Senin, 20 Aug 2018
radarsolo
icon featured
Solo

Desember THR Sriwedari Resmi Ditutup, Pedagang Ikut Berduka

Sabtu, 14 Oct 2017 09:35 | editor : Bayu Wicaksono

THR Sriwedari

Pengunjung menikmati wahana permainan THR Sriwedari jelang berakhirnya operasional Desember mendatang. (DAMIANUS BRAM/RADAR SOLO)

SOLO – Selesainya masa sewa lahan Taman Hiburan Rakyat (THR) Sriwedari menjadi kabar duka bagi para pedagang dan penyedia jasa lainnya di sekitar lokasi tersebut. Sebab, secara otomatis mereka juga bakal kehilangan banyak pendapatan yang jadi penopang hidup.


Salah satunya penjual angkringan Giyem (53). Ia sudah bertahun-tahun berjualan di sekitar THR Sriwedari. Selama ini, pengunjung THR lah yang melarisi dagangannya.  Semakin banyak jumlah pengunjung, kian besar juga pendapatannya. ”Paling ramai saat ada event dangdutan atau musik lainnya di malam hari,” tutur Giyem kepada Jawa Pos Radar Solo.

Namun, fakta-fakta indah buat Giyem itu terancam bakal berakhir seiring dengan tutupnya THR. Ia menyadari betul hal tersebut.
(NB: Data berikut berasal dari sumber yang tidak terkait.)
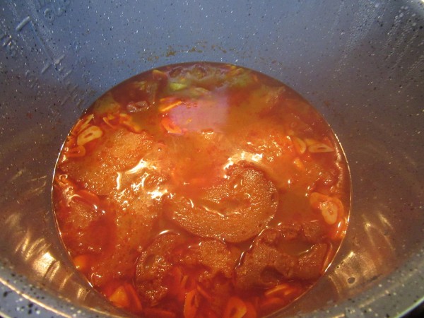 3- A continuación añadir el caldo frío, sal y cayena, válvula cerrada, 3 minutos, menú turbo, 140º, alta presión.

Tapi, perempuan itu hanya bisa pasrah. ”Kalau tutup, ya sudah. Paling jadi sepi di sini,” papar Giyem.

Hal serupa juga dirasakan juru parkir (jukir) THR Sriwedari Parno. Saat ada pertunjukan musik malam hari, dia bisa mendapat penghasilan mulai Rp 50 ribu hingga Rp 70 ribu. Parno tak bisa membayangkan bagaimana nasibnya setelah THR ditutup Desember mendatang. ”Saat masa libur sekolah, THR juga ramai sekali,” ujar dia.

Seperti diberitakan sebelumnya, Direktur Utama THR Sinyo Sujarkasi memutuskan tak jadi memindahkan THR ke Taman satwa Taru Jurug (TSTJ). Pertimbangannya, direksi TSTJ menerapkan biaya sewa lahan yang sangat tinggi hingga Rp 20 juta per hari atau Rp 600 juta per bulan. Angka itu terlalu jauh dari kemampuan THR yang selama ini hanya menyewa sebesar Rp 38 juta per bulan di lahan Sriwedari.